On December 4th, the Longwood Symphony Orchestra, led by Jonathan McPhee held their latest concert at the New England Conservatory’s Jordan Hall. The group presented Borodin’s Second Symphony as well as two scenes from the final opera of Wagner’s Ring Cycle, Götterdämmerung (The Twilight of the Gods). The orchestra is made up mostly of amateur musicians from the Boston area, the majority of whom are regularly employed in the medical or scientific fields. The LSO was joined for its final selection by soprano Joanna Porackova, a long-time veteran of the European operatic and concert stage who has made a number of appearances in the Boston area.

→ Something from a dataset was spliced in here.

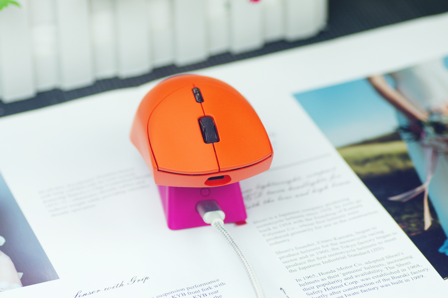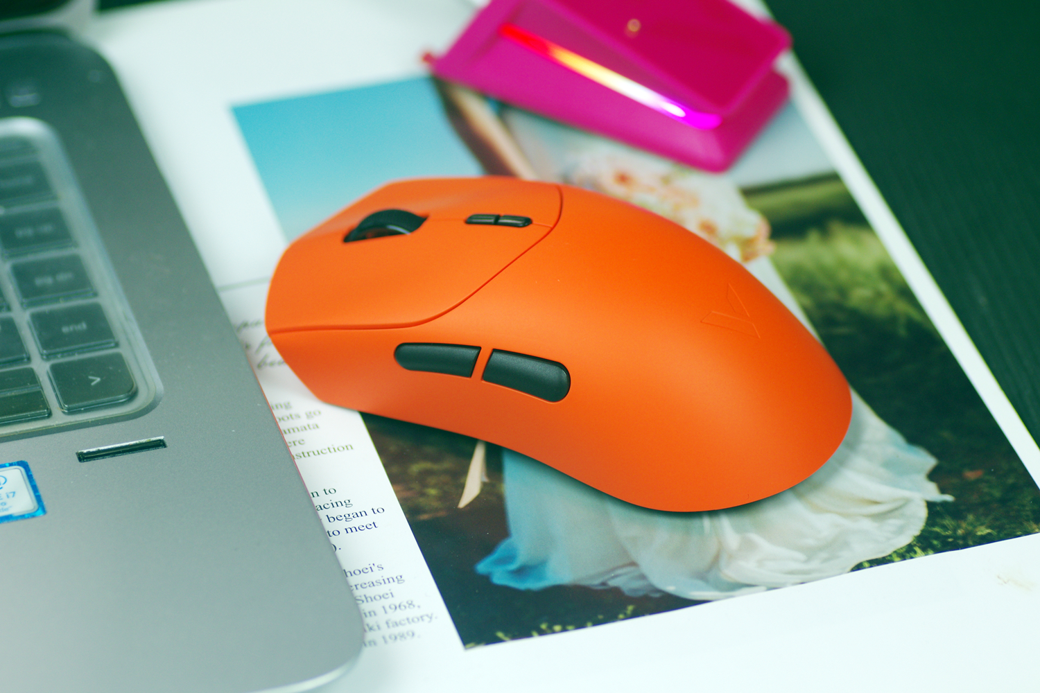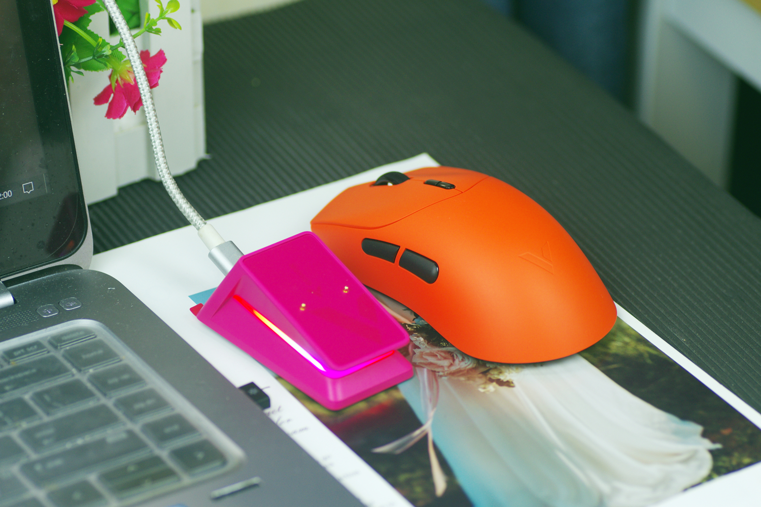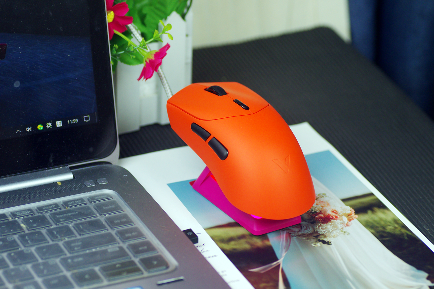 雷柏VT7彻底摆脱了游戏鼠标“非黑即白”的单调套路,主打焰影橙配色,官方定义为“性能猛兽”视觉符号,放在桌面辨识度拉满,搭配树莓粉色P5 PLUS底座,整套桌面电竞氛围直接拉满。

McPhee, a graduate of the Julliard School and the Royal Academy of Music in London, is now in his sixth season with the LSO; he also directs the Boston Ballet Orchestra in addition to two local community orchestras. McPhee’s direction was poised, skillful, and expressive, showing complete command of both the musical program and the volunteer ensemble. The conductor’s expressiveness not only facilitated the group’s outstanding performance, but also directed the audience to the musical action he wished to bring out. To paraphrase a common adage from the world of musical direction, “good conductors lead the ensemble; great ones lead the audience as well.”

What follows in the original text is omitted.